You do not define “it” here. However, if you are using language models that have such a symptom, you can try with json_object as the type of text format for response, and a system prompt that describes the schema to the AI model, then employ the API model names:
gpt-4-turbo
gpt-4
gpt-4-2024-05-13
gpt-5
As a class of model not affected in the same way by this pervasive unacknowledged and apparently unfixable issue that has dozens of reports on the API of it continuing, to where the current o4 and 4.1 models have to be abandoned when using accented world languages that may have originally used alternate ASCII code pages.
I don’t know if this has been solved, but I’m running into this when having gpt5.1 visually OCR documents. This document reliably hits it every time:
[Note I need to figure out how to post a link, it’s blocking…]

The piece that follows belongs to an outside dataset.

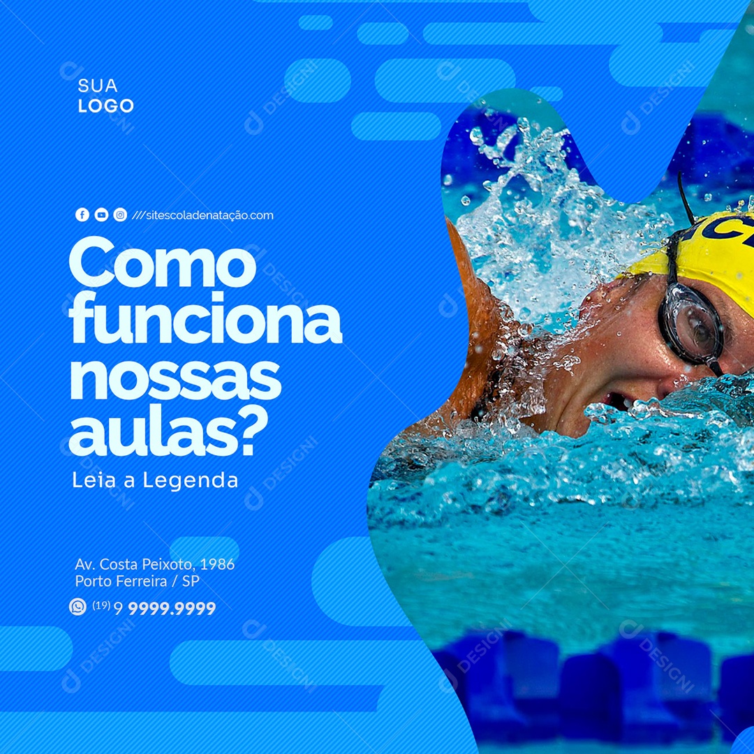 Como Funciona Nossas Aulas Escola de Natação Social Media PSD Editável
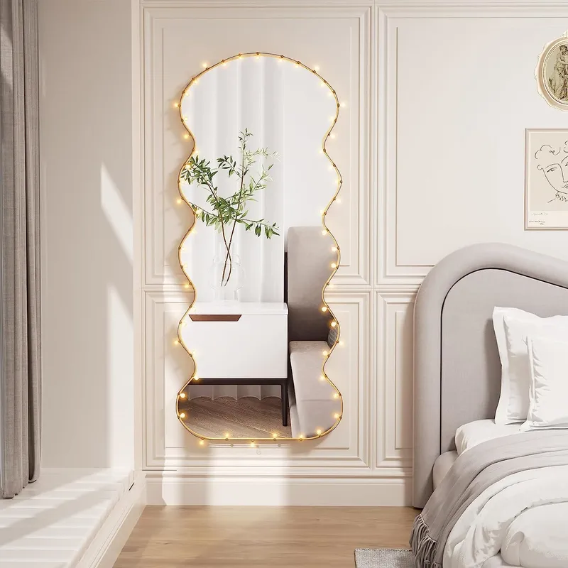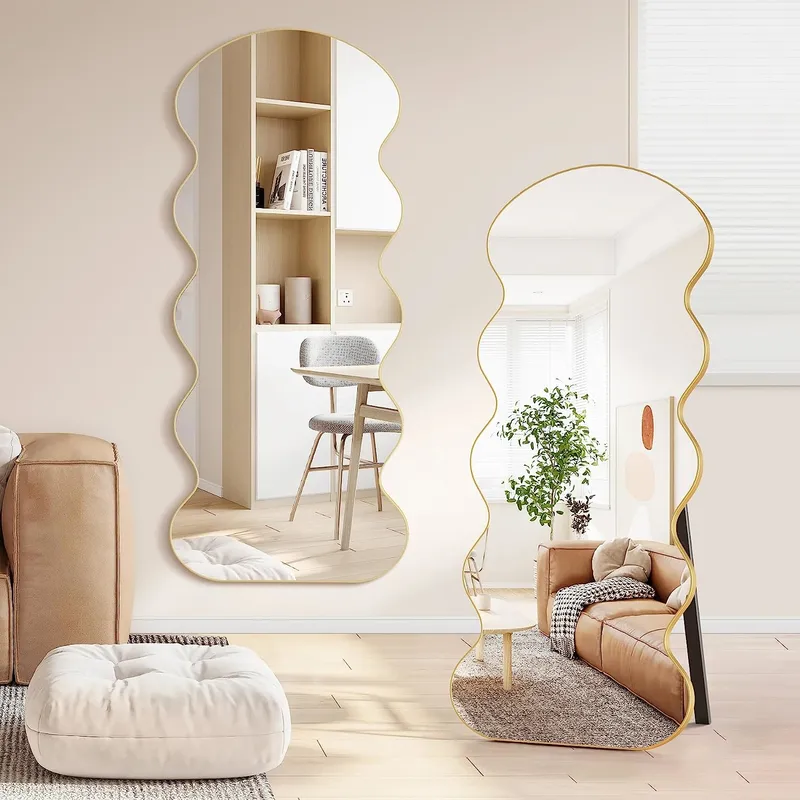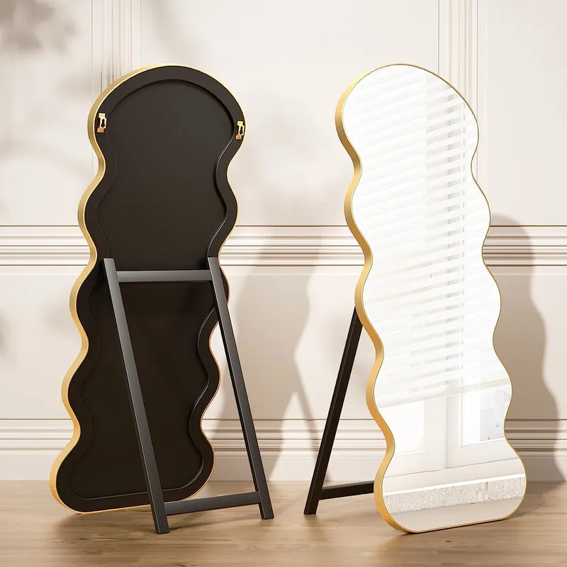 【Unique Design】This Aisundy wavy mirror is a irregular shape full length mirror for your bedroom as a decoration and filler. An arched floor mirror with gold aluminum frame and metal stands is just what you need.Simple waves create a modern feeling. The design will be the most eye-catching in your room. It’s not only a full length dressing mirror but also an ornament.

the server is media-cdn dot rollcall dot com. It’s in a folder called pdfs and the file is called example-page-5.pdf
When I try to have it do the OCR structured it dies at the same place (note I removed some things to slim it down, and the past is curly quoting things but you can see where it breaks:
JSON Decode Error: Unterminated string starting at: line 1 column 2831 (char 2830) { “filename”: “example-page-5.pdf”, “category”: “Court Document”, “subcategory”: “Exhibit”, “date”: “2021-05-20”, “summary”: “[Removed]”, “email”: false, “sections”: [ { “section_number”: 1, “title”: “AK’s recollection of investigations…”, }, { “section_number”: 2, “title”: “AK’s…” } ], “ocr”: [ { “sequence”: 1, “page”: 1, “section”: 1, “text”: "Sean to call AK back and let her know if the Florida agents had concerns. Seannever called AK back. AK doesn’t recall ever affirmatively following up with Sean, but she took the radio silence to
When I tried doing it in the desktop client to repeat, to see what was going on, it said it was doing Tessaract (I believe 5.1 does it visually as I don’t see code if I trace, but
, and here’s what it output…
i
import pytesseract
from PIL import Image
import fitz
open pdf
pdf_path=“/mnt/data/DOJ-OGR-00004180-00004186-page-5.pdf”
doc=fitz.open(pdf_path)
page=doc.load_page(0)
pix=page.get_pixmap(dpi=300)
img=Image.frombytes(“RGB”,[pix.width,pix.height],pix.samples)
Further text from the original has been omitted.